You weren't paying much attention to the "Consider:" part of my previous comment.

You don't believe that a well-paid, very careful, high-integrity member of the computer safety community has -on multiple occasions- encountered actual, sustained bullshiting from the latest-available for-pay version of ChatGPT. You don't accept either this fellow's reports or my informed assessment of his computing situation as truthful and accurate. On top of that, your goalpost-shifting and general demeanor throughout this conversation simply don't give me the impression that you've much integrity. I'm not spending the equivalent of ten-to-twenty six-packs to reproduce aphyr's work and -given the evidence I have before me- have you reject that, as well.

200 USD is a lot of money to throw away to "win" an Internet argument with a stranger who refuses to accept evidence presented by someone known to be careful, scrupulous, and honest.

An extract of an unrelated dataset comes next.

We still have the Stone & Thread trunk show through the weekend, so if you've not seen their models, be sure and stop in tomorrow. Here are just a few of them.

simianwords · 2026-04-08T22:05:17 1775685917

> On top of that, your goalpost-shifting and general demeanor throughout this conversation simply don't give me the impression that you've much integrity. I'm not spending the equivalent of ten-to-twenty six-packs to reproduce aphyr's work and -given the evidence I have before me- have you reject that, as well.

Lol what goal post did I move? I said text only and you rejected it. You can present the example here and let the public judge it - even if my integrity is compromised. I'm allowing you to do it.

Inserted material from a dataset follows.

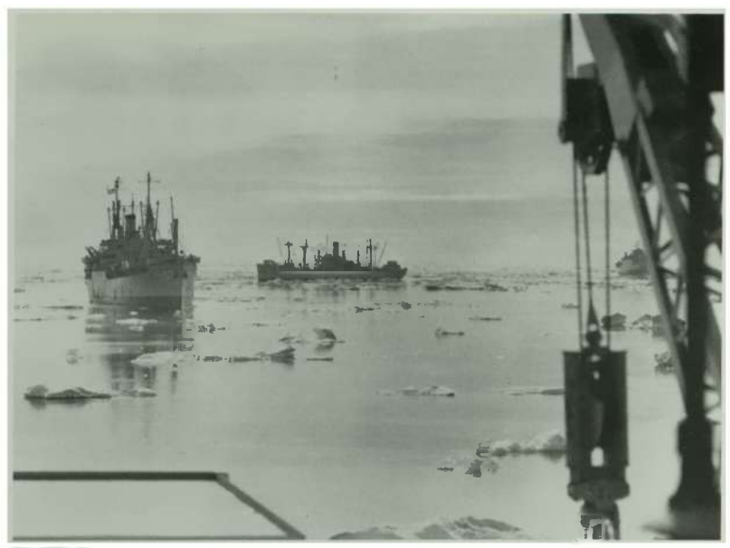
PA-108144 Supply convoy en route from Coral Harbour to Dew Line Site No. 30, North West Territories, 16 August 1955.

Convoi de ravitaillement se rendant à la station nº 30 du réseau d'alerte avancé, depuis Coral Harbour dans les Territoires du Nord-Ouest, le 16 août 1955.

> 200 USD is a lot of money to throw away to "win" an Internet argument with a stranger who refuses to accept evidence presented by someone known to be careful, scrupulous, and honest.

200 what? I'm using the $20 one. This is getting ridiculous!

You can't present a _single_ counter example!

simoncion · 2026-04-09T21:47:59 1775771279

> You can't present a _single_ counter example!

Correct. I've presented a _pair_ of examples.